Items from a dataset
--- --- ---

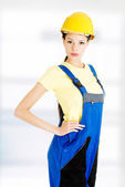 młoda kobieta w kask ochronny i młot pneumatyczny.
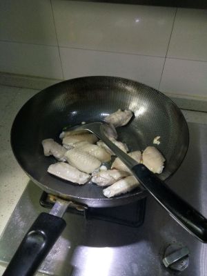 姜片煸香,芝麻油适当下点,不粘锅小火把鸡翅膀煎到一边上色
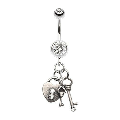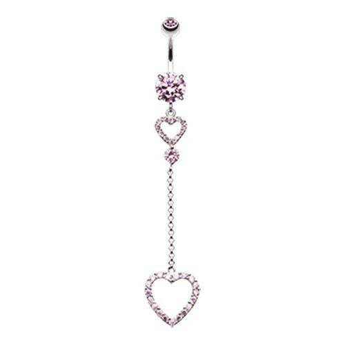 Luscious Double Hearts Cubic Zirconia Belly Button Ring
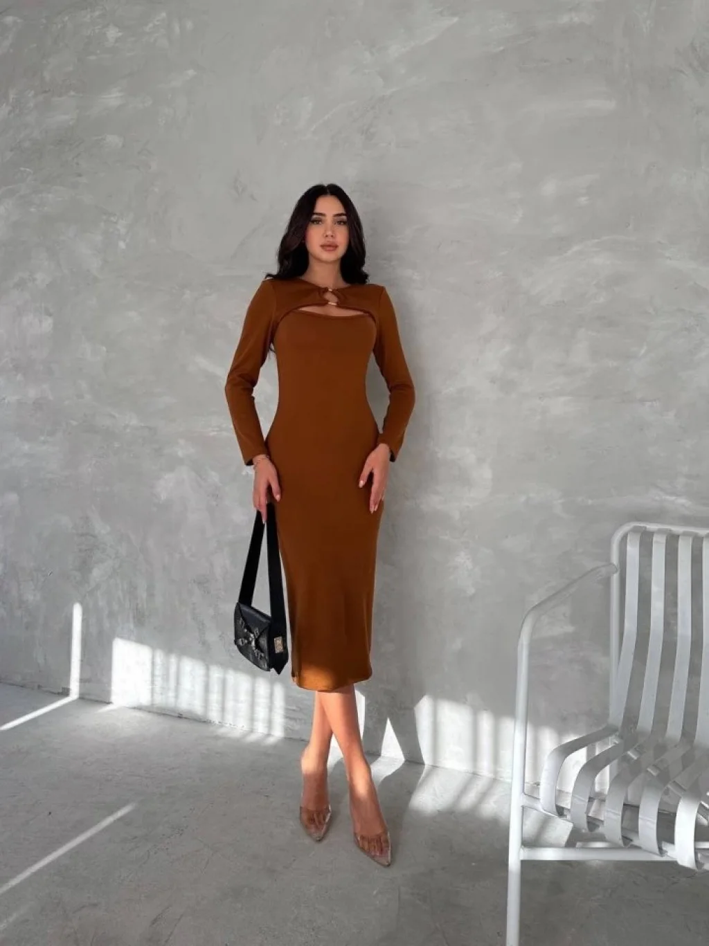 Kadın Uzun Kollu Halka Ve Pencere Dekolte Detay Fırsat ürün Midi Boy Elbise
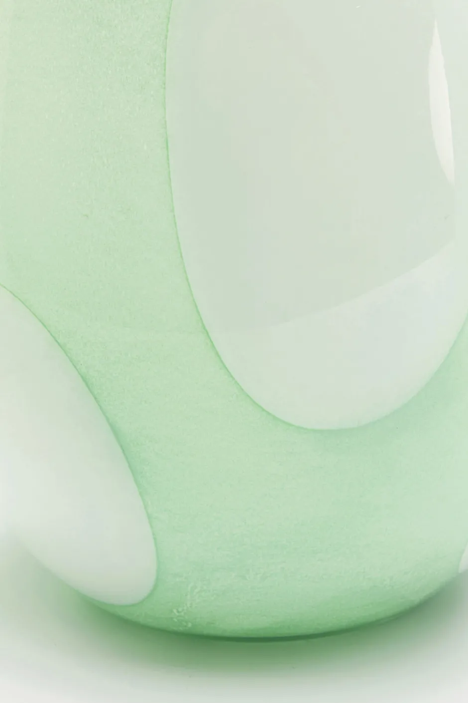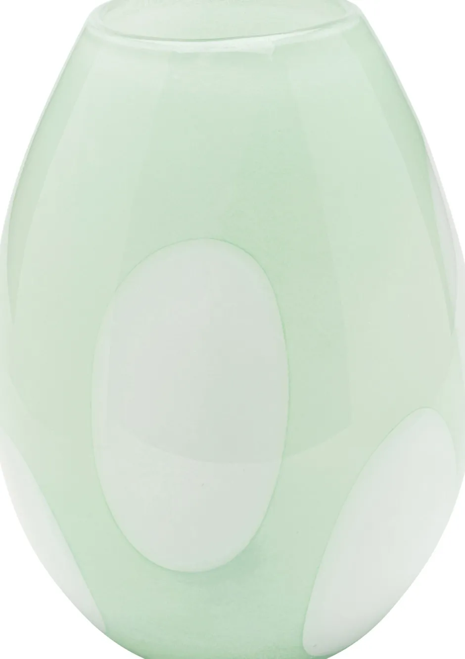 - In einem erfrischenden Pastellgrün mit weißen Akzenten und dank der abgerundeten Form setzt die Vase stilvolle Akzente
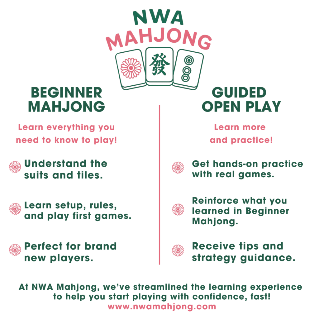 Wednesday 11/19/25 – 6 p.m. – 8 p.m. Guided Open Play for Returning Mahjong Students
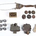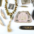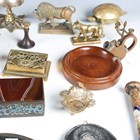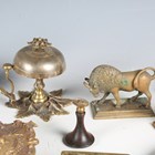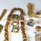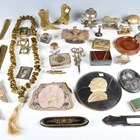A mixed group of collectors' items, including a Victorian brass counter-top bell, an agate and enamelled trinket box, width 9cm, a Victorian papier-mâché spectacles case and various vesta cases and holders.
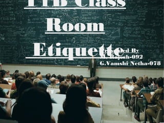 The document outlines etiquette tips for proper classroom behavior. It defines etiquette as customary codes of polite behavior. Some tips provided include respecting others, avoiding cell phone use and side conversations, being on time and prepared, dressing appropriately, keeping the classroom neat and tidy, paying attention, and not sleeping or chewing gum in class. Students are advised that their instructors are always watching and they should seek assistance instead of commenting on others' questions.
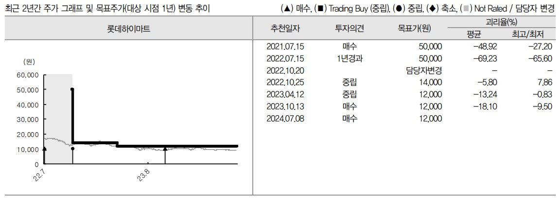 롯데하이마트의 목표주가는 12,000원으로 설정됨. 이는 향후 12개월 내에 달성 가능할 것으로 전망됨. 근데 나는 이 목표주가를 믿을 수가 없음. 10년 간 1/10토막 난 주식인데 이게 어떻게 다시 올라갈까? 라는 생각이 들었음.

--- --- ---

- Task statement:
Quote the entries above word for word. Leave the images out.

- Output for this exercise:
 młoda kobieta w kask ochronny i młot pneumatyczny.
 姜片煸香,芝麻油适当下点,不粘锅小火把鸡翅膀煎到一边上色
 Luscious Double Hearts Cubic Zirconia Belly Button Ring
 Kadın Uzun Kollu Halka Ve Pencere Dekolte Detay Fırsat ürün Midi Boy Elbise
 - In einem erfrischenden Pastellgrün mit weißen Akzenten und dank der abgerundeten Form setzt die Vase stilvolle Akzente
 Wednesday 11/19/25 – 6 p.m. – 8 p.m. Guided Open Play for Returning Mahjong Students
A mixed group of collectors' items, including a Victorian brass counter-top bell, an agate and enamelled trinket box, width 9cm, a Victorian papier-mâché spectacles case and various vesta cases and holders.
 The document outlines etiquette tips for proper classroom behavior. It defines etiquette as customary codes of polite behavior. Some tips provided include respecting others, avoiding cell phone use and side conversations, being on time and prepared, dressing appropriately, keeping the classroom neat and tidy, paying attention, and not sleeping or chewing gum in class. Students are advised that their instructors are always watching and they should seek assistance instead of commenting on others' questions.
 롯데하이마트의 목표주가는 12,000원으로 설정됨. 이는 향후 12개월 내에 달성 가능할 것으로 전망됨. 근데 나는 이 목표주가를 믿을 수가 없음. 10년 간 1/10토막 난 주식인데 이게 어떻게 다시 올라갈까? 라는 생각이 들었음.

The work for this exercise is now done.